Narval, el Negro y Facundo se habían convertido en socios; Facundo era el

que proveía el capital, Narval era el que vendía y el Negro, el proveedor

mayor. Lo cual no impedía que Facundo le comprara fruía o faso

directamente al Negro cuando quería tener su parte.

A veces, Narval prefería no pedirle plata a Facundo; después de todo,

estaba acostumbrado a andar sin un mango por ahí. Trataba de limitarse a

los momentos en que las cosas se ponían insostenibles. Porque no había

resultado ser un buen socio: se gastaba todo o se tomaba todo siempre;

pocas veces las cosas salían bien y le sobraba plata. A Facundo no le

importaba, pero nunca le daba un mango a Narval si él no se lo pedía.

«Gano plata con mucha facilidad», le había dicho, «y no me importa

perder un poco, pero tampoco estoy tan demente como para perderla

toda». Narval sabía que Facundo tenía toda la razón, así que se callaba la

boca.

Se sentó en un banco de la plaza y se ató el pelo con un nudo. Ya era

completamente de noche y empezaba a caer gente a la plaza, la mayoría

para conseguir droga. Miró atentamente los grupos de gente tratando de

divisar al Negro.

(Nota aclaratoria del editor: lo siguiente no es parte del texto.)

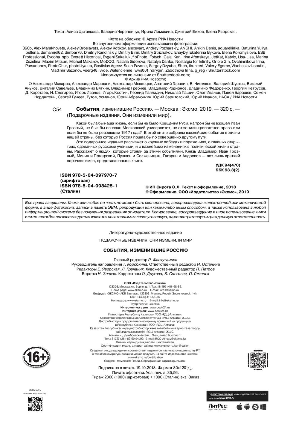 В этой книге собраны важнейшие события в жизни нашей страны, без которых Россия пошла бы по совершенно другому пути. Это подарочное издание расскажет о крупных победах и поражениях, о главных открытиях, сделанных русскими учеными, и о важнейших изменениях в политической жизни страны.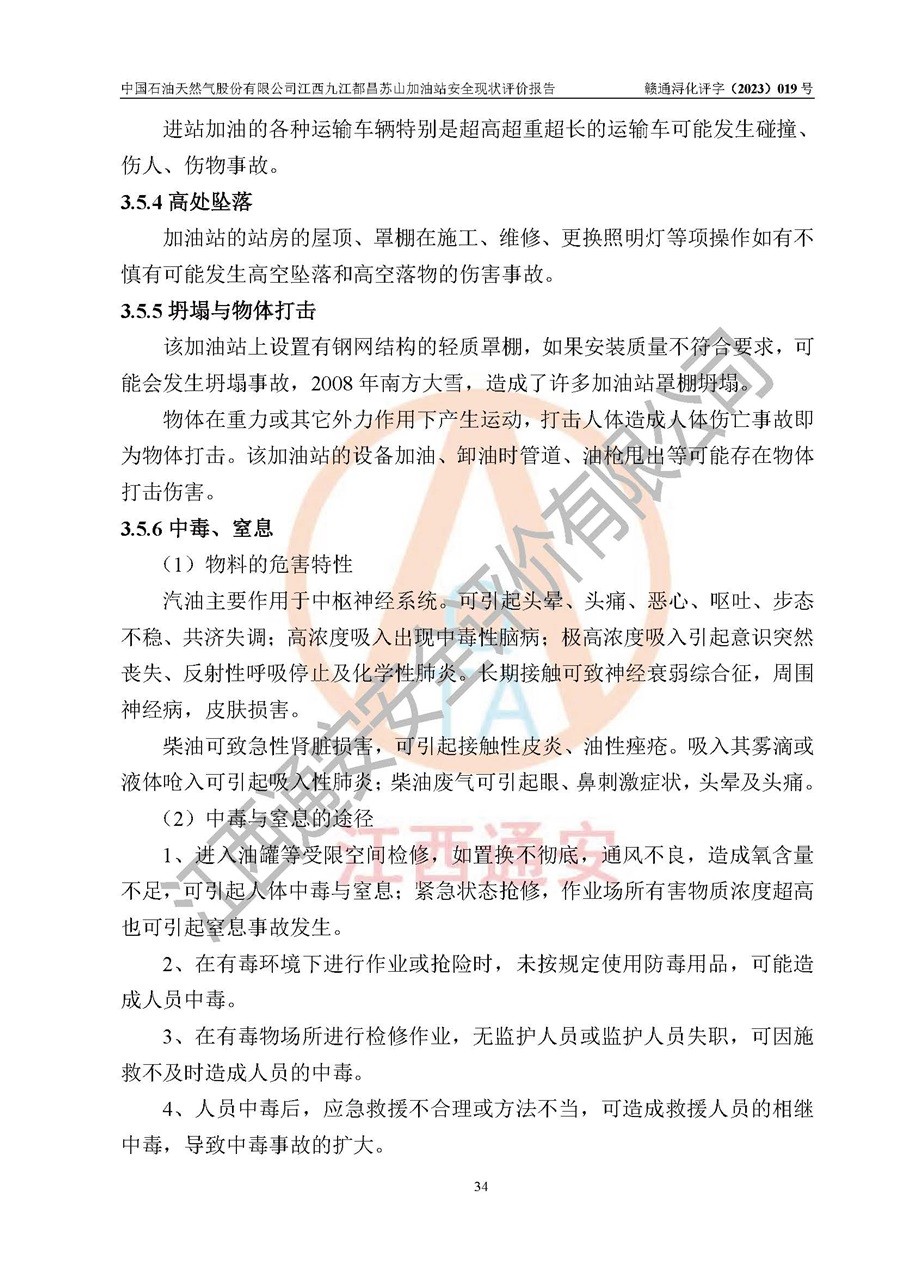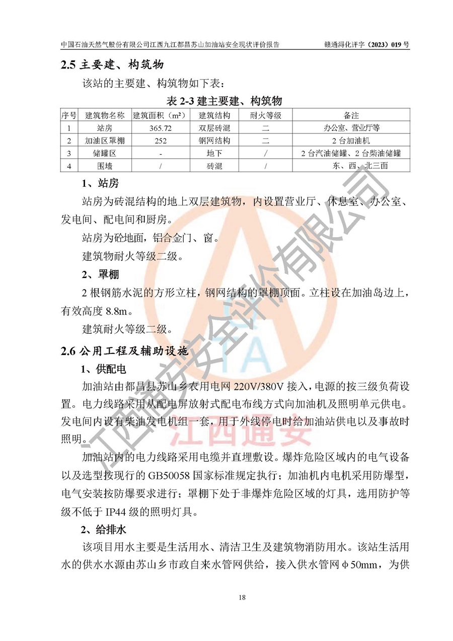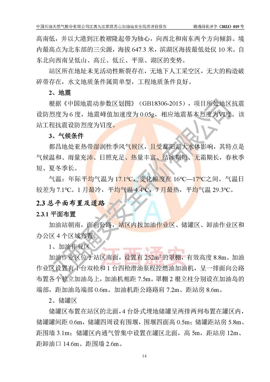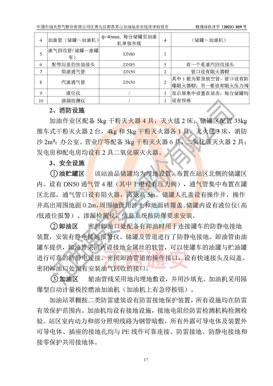 评价报告名称 | 中国石油天然气股份有限公司江西九江都昌苏山加油站安全现状评价报告 | |||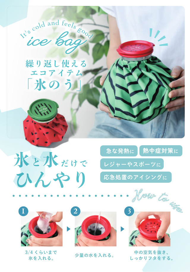 氷と水を入れればひんやりする、繰り返し使える熱中症対策グッズです。

Tenía frío en la espalda y estaba empezando a

endurecérsele la mandíbula.

Una chica tomaba vino en tetrabrik, sentada con las piernas cruzadas.

Llevaba zapatillas negras de básquet y una remera de The Exploited.

Narval se acercó a ella para pedirle un trago. La chica le convidó de mala

gana. Tenía el pelo muy corto, teñido de rojo, y la cara maquillada con

base blanca. Narval bebió concienzudamente de la cajita de cartón, a pesar

de las amenazadoras miradas de la colorada. Terminó y se la devolvió.

—¡De nada! —le gritó la chica mientras Narval se alejaba, riendo. Se

había volcado vino tinto sobre los pantalones de Facundo. La cara blanca

de la chica le había recordado la única vez que vio maquillado a Facundo,

con la cara empolvada de blanco espectral y los labios rojos. Y una

sombra celeste sobre los ojos grises, bien años setenta. No le había pedido

opinión a Narval, y él tampoco se la había dado, pero, si alguien le hubiera

preguntado en ese momento, Narval habría dicho que Facundo era la única

persona capaz de cortarle la respiración de semejante manera.